Find out the place(RBSESolutions.com)value of 6 and 2 in the following numbers –
(i) 28506
(ii) 36265
(iii) 52266
(iv) 69242
(v) 82563
Solution.
(i) 28506 in
Place value of 6 = 6
Place value of 2 = 20000

(ii) 36265 in
Place value of 6 = 6000
Again Place value of 6 = 60
Place value of 2 = 200

(iii) 52266 in
Place value of 6 = 60
Again Place value of 6 = 6
Place value of2 = 2000
Again Place value of = 200

(iv) 69242 in
Place value of 6 = 60000
Place value of 2 = 200
AgainPlance value of 2 = 2

(v) 82563 in
Place value of 6 = 60
Place value of 2 = 2000

Question 5.
Mark the right symbol (<, >, =) between the given numbers
(i) 2979 ………….. 2932
(ii) 5423 ………….. 5432
(iii) 8952 ………….. 8952
(iv) 6850 ………….. 6852
(v) 3675 ………….. 3675
(vi) 9821 ………….. 9799
Solution.
(i) 2979 > 2932
(ii) 5423 < 5432
(iii) 8952 = 8952
(iv) 6850 < 6852
(v) 3675 = 3675
(vi) 9821 > 9799

Question 6.
Write the following(RBSESolutions.com)numbers in ascending order –
(i) 26886, 37725, 30840, 25975, 40021
(ii) 59307, 53907, 59703, 57039, 57903
(iii) 74443, 74434, 74344, 77444, 77555
Solution.
(i) 25975, 26886, 30840, 37725, 40021
(ii) 53907, 57039, 57903, 59307, 59703
(iii) 74344, 74434, 74443, 77444, 77555

Question 7.
Write the following numbers in descending order-
(i) 41525, 51425, 34152, 42325, 50925
(ii) 86067, 81316, 85032, 82511, 81154
(iii) 76543, 73456, 74356, 76435, 74653
Solution.
(i) 51425, 50925, 42325, 41525, 34152
(ii) 86067, 85032, 82511, 81316, 81154
(iii) 76543, 76435, 74653, 74356, 73456

We hope the RBSE Solutions for Class 5 Maths Chapter 1 Numbers Ex 1.1 will help you. If you have any query regarding Rajasthan Board RBSE Class 5 Maths Chapter 1 Numbers Exercise 1.1, drop a comment below and we will get back to you at the earliest.

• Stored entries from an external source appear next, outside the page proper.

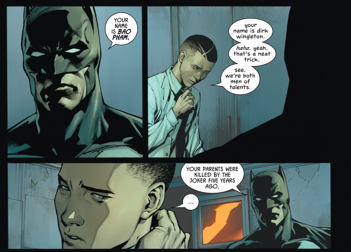 Clownhunter smascherato! Il giovane vigilante che vuole uccidere il Joker, e tutti i suoi scagnozzi, e chiunque indossi una maschera da Joker per saccheggiare un negozio, è il ragazzino orfano Bao Pham. Se ti stai chiedendo se Batman sia riuscito a contattarlo riguardo agli omicidi, la risposta è no.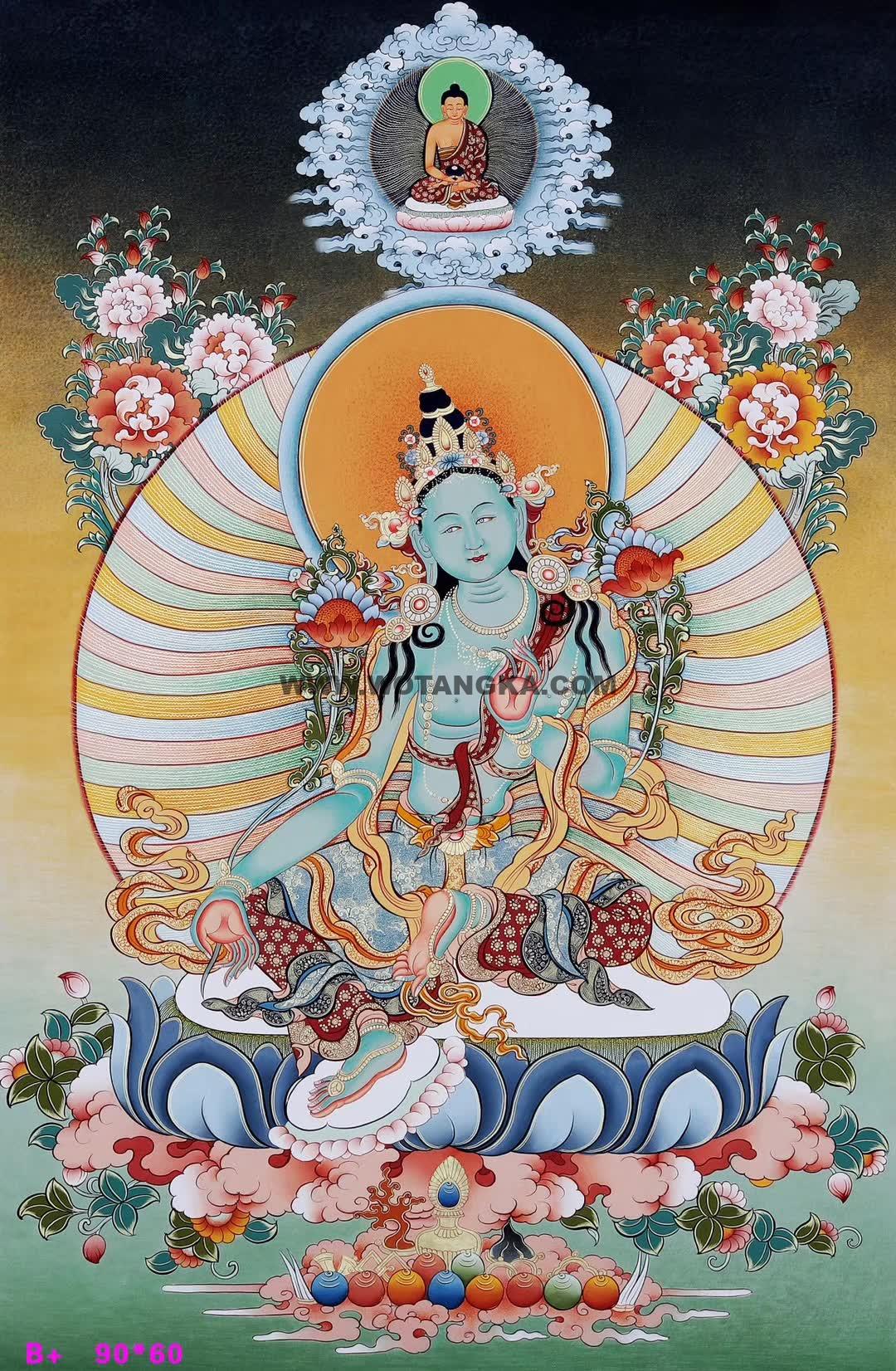 绿度母有消除众生的烦恼痛苦、满足众生愿求,现世富贵长寿平安吉祥、除诸病苦业魔障碍等,帮助众生解脱生死苦海,命终往生极乐世界,获得究竟的安乐,因为其救度之迅速、摧灭魔业之勇猛,故又称作“救度速勇母”。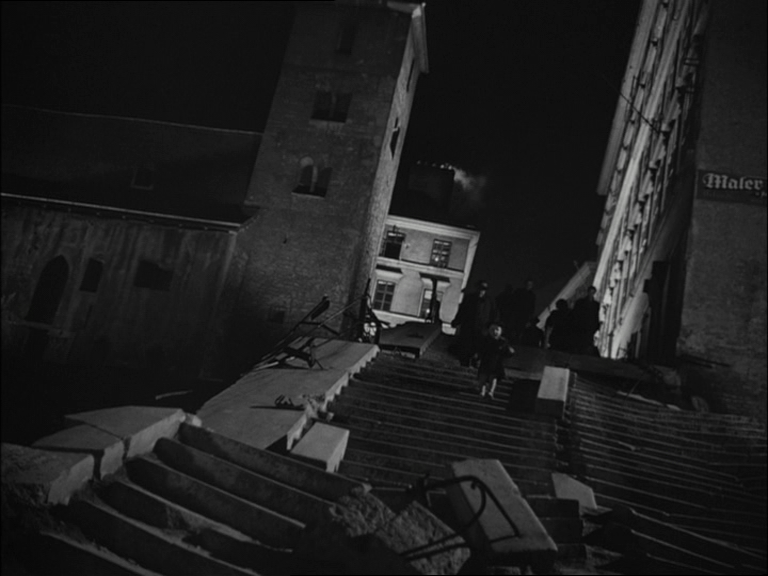 This haphazard approach to the actual geography of the city is also seen elsewhere. When Martins arrives to talk to the landlord, only to find him dead and a mischievous young boy blaming him for the murder, he and Anna run around the corner, past a church and down a staircase. Again, the actual locations of the apartment and the church are quite far apart, but it’s easy to understand why they chose this location when you consider the striking composition of the resulting shot.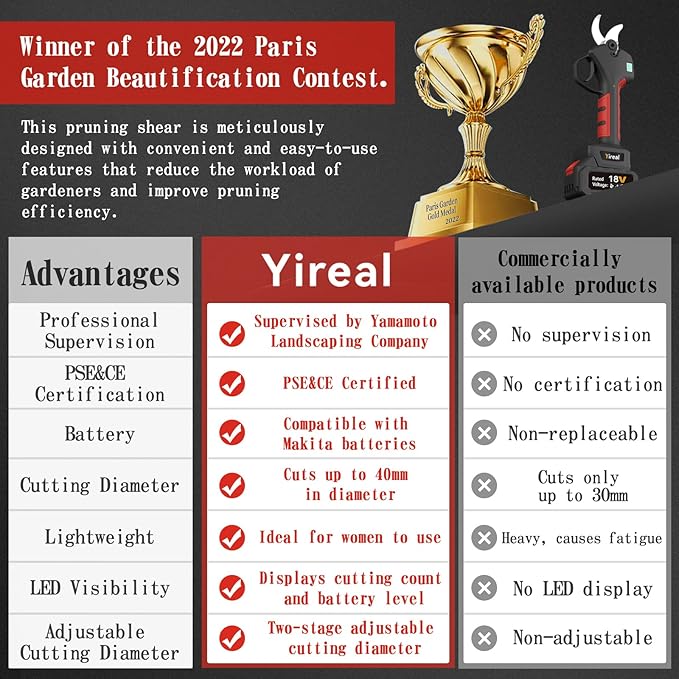 - [40mm cutting diameter & supervised by Yamamoto Landscaping Company] Yireal's rechargeable pruning shears can easily cut branches with a maximum cutting diameter of 40mm. The opening can be adjusted to two stages: half open and full open. When half open, the small opening saves work time and electricity, and when fully open, it is easy to cut thick branches. Our electric scissors were developed under the supervision of Yamamoto Landscaping Company to make pruning work easier for gardeners. Over the past 10 years, it has been used by more than 100,000 gardeners at 20,000 landscaping companies around the world.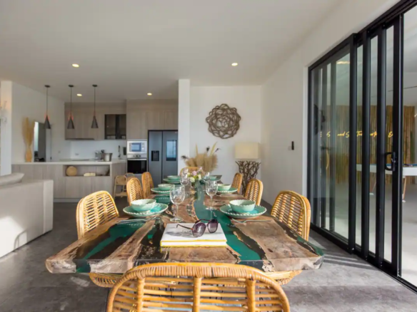 200 m2 terraces, infinity pool, billiards, hanging chair, connected TV and fridge, wine cellar, free Netflix, airplay sound system. Comfortable bedrooms with en-suite bathrooms.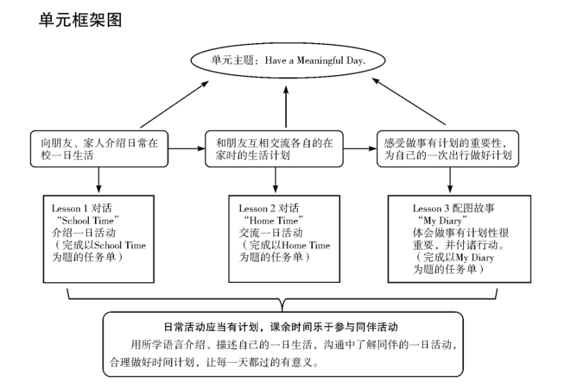 来自北京的于燕岚老师,在教学中结合外研版教材内容与课外绘本,以Have a meaningful day为主题,设计了一个教学框架。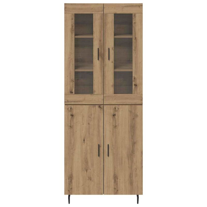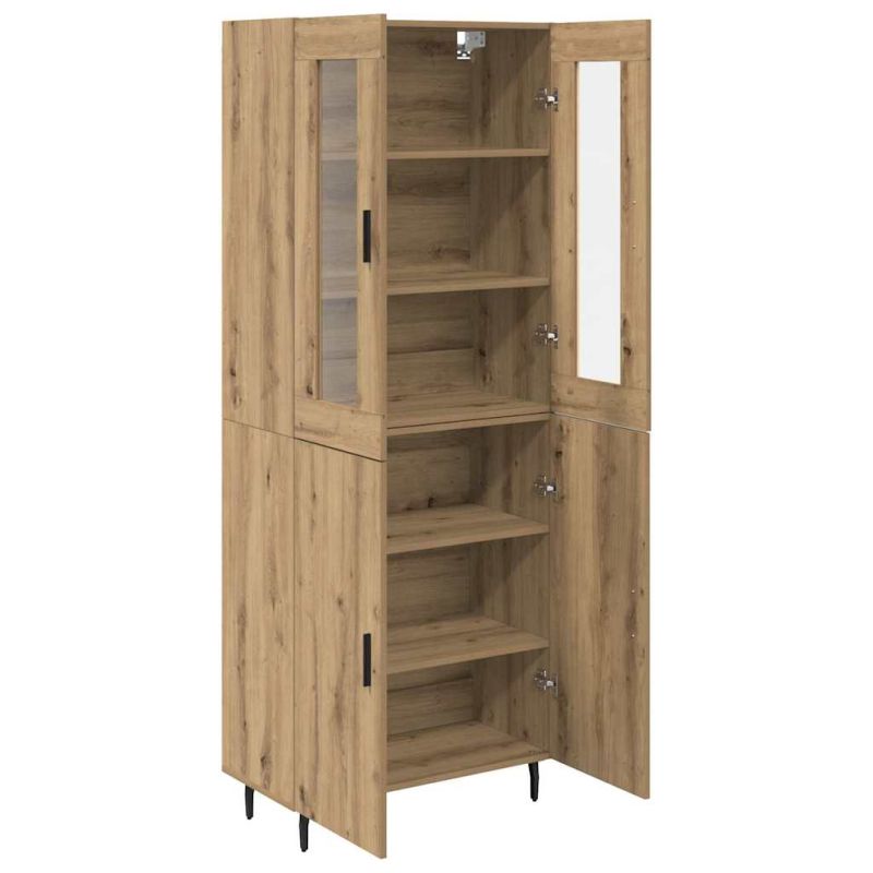 Висок шкаф 2 pcs Дъб Инженерна дървесина и стъкло

RBSE Solutions for Class 5 Maths Chapter 2 Addition and Subtraction In Text Exercise

June 2, 2022 by Fazal Leave a Comment

RBSE Solutions for Class 5 Maths Chapter 2 Addition and Subtraction In Text Exercise is part of RBSE Solutions for Class 5 Maths. Here we have given Rajasthan Board RBSE Class 5 Maths Chapter 2 Addition and Subtraction In Text Exercise.

Board	RBSE
Textbook	SIERT, Rajasthan
Class	Class 5
Subject	Maths
Chapter	Chapter 2
Chapter Name	Addition and Subtraction
Exercise	In Text Exercise
Number of Questions	14
Category	RBSE Solutions

Rajasthan Board RBSE Class 5 Maths Chapter 2 Addition and Subtraction In Text Exercise

Page No. 7

Solve :

Question 6.
580 + 27 + 306 = …………
Solution.
9133

1/32 to Decimals are a set of numbers lying between integers on a number line.

Question 7.
473 – 296 = …………
Solution.
177

Question 8.
364+67 – 199 = 431 – 199 = …………
Solution.
232

Question 9.
37 – 15 + 10 = 47 – 15 = …………
Solution.
32

Question 10.
185 boys and 162 girls are studying in Government(RBSESolutions.com)Higher Secondary School, Udliyas. What is the total number of students studying ¡n this school?
Solution.

Question 11.
In a garden 255 roses, 156 marigold, 178 Jasmine(RBSESolutions.com)plants are there. What is the total number of flowering plants ?
Solution.

Question 12.
Gita’s father is at the mart to sell pots. This(RBSESolutions.com)time her father built 523 pots, of which 484 were sold out. Then how many pots are left unsold ?
Solution.

Question 13.
Do addition and(RBSESolutions.com)subtraction with Indian numbers.

Solution:

Page No. 8

Practice

Solution.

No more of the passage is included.